*** Opening of Source data ***

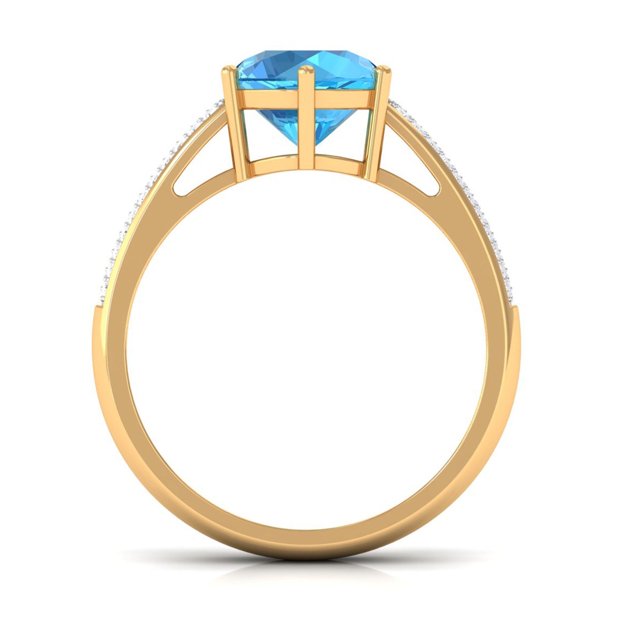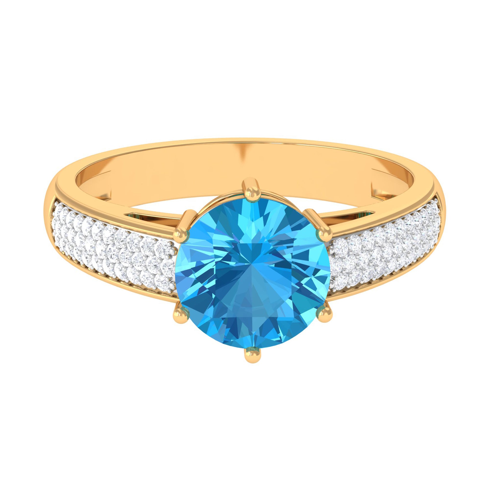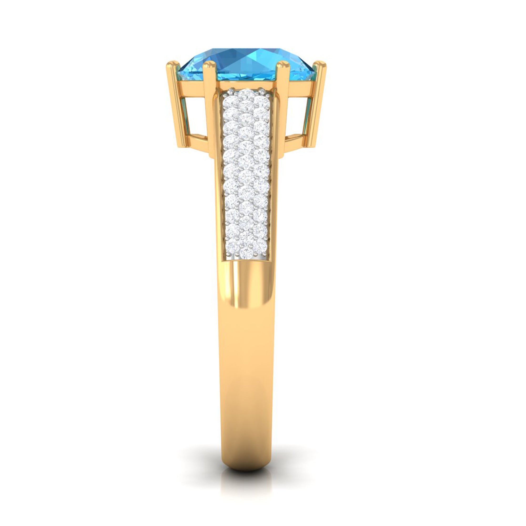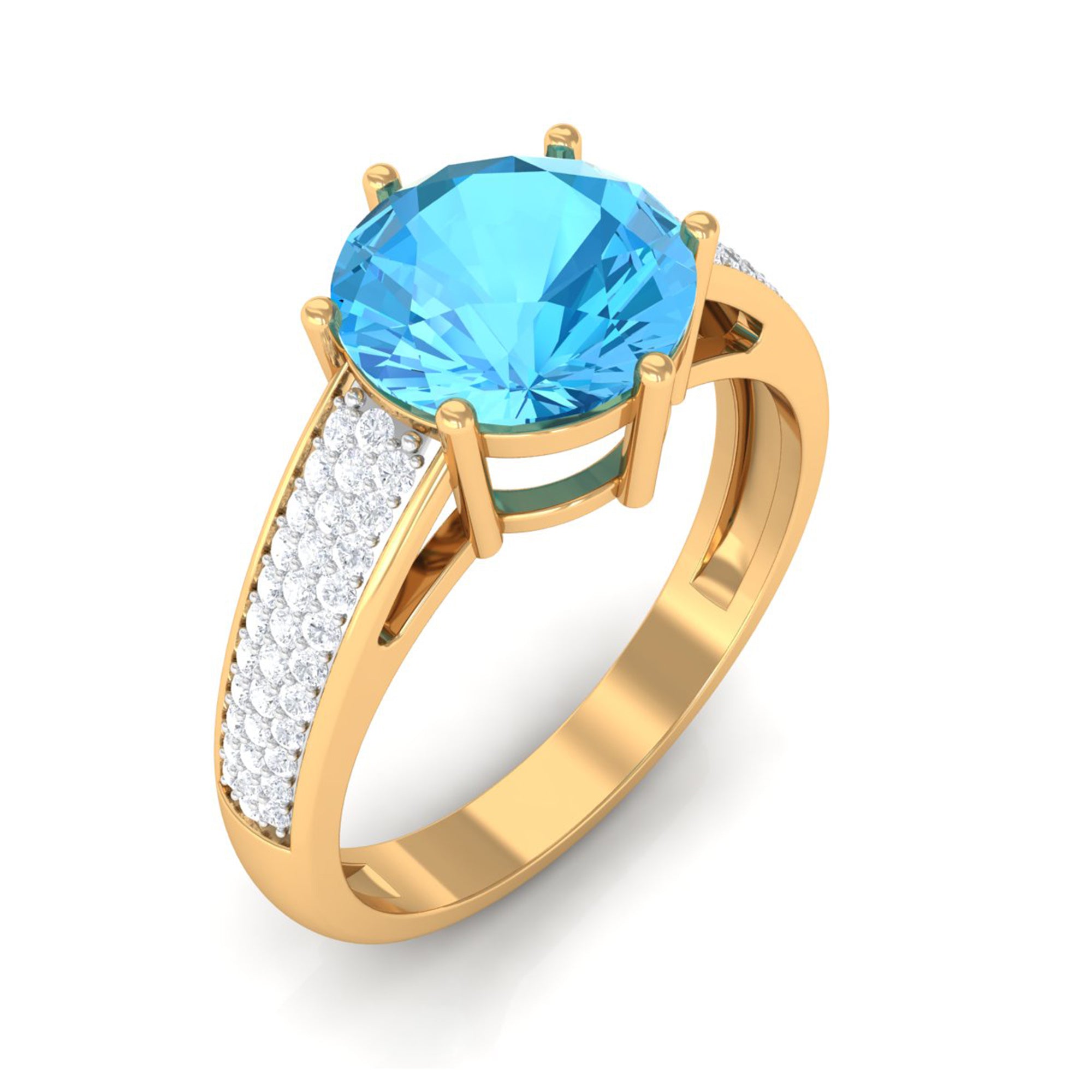 Wow your fiancé with this beautiful solitaire engagement ring. This ring features a Round Shape Swiss Blue Topaz set in a prong setting with Round Shape Diamond gems as side stones, all crafted in gold. A timeless and charming piece of jewelry, perfect for that special day.
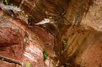 Wasser tropft durch die Ritzen an den Lower Emerald Pools im Zion National Park in Utah, USA. Es sieht nicht nach viel aus, aber wir sind bei unserem Spaziergang hier tatsächlich ziemlich nass geworden.
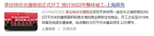 该项目2014年6月开工,目前一期住宅建成并交付;二期已经结构封顶;2021年完成《莘庄综合交通枢纽工程对铁路工程影响专题报告》技术审批,为大平台开工奠定了坚实的基础,现三期地下部分桩基已完成,地上部分即将准备施工。

*** Close of Source data ***

Your assignment »
The full listing, transcribed exactly and without its pictures, is the expected result.

Result of the task »
 Wow your fiancé with this beautiful solitaire engagement ring. This ring features a Round Shape Swiss Blue Topaz set in a prong setting with Round Shape Diamond gems as side stones, all crafted in gold. A timeless and charming piece of jewelry, perfect for that special day.
 Wasser tropft durch die Ritzen an den Lower Emerald Pools im Zion National Park in Utah, USA. Es sieht nicht nach viel aus, aber wir sind bei unserem Spaziergang hier tatsächlich ziemlich nass geworden.
 该项目2014年6月开工,目前一期住宅建成并交付;二期已经结构封顶;2021年完成《莘庄综合交通枢纽工程对铁路工程影响专题报告》技术审批,为大平台开工奠定了坚实的基础,现三期地下部分桩基已完成,地上部分即将准备施工。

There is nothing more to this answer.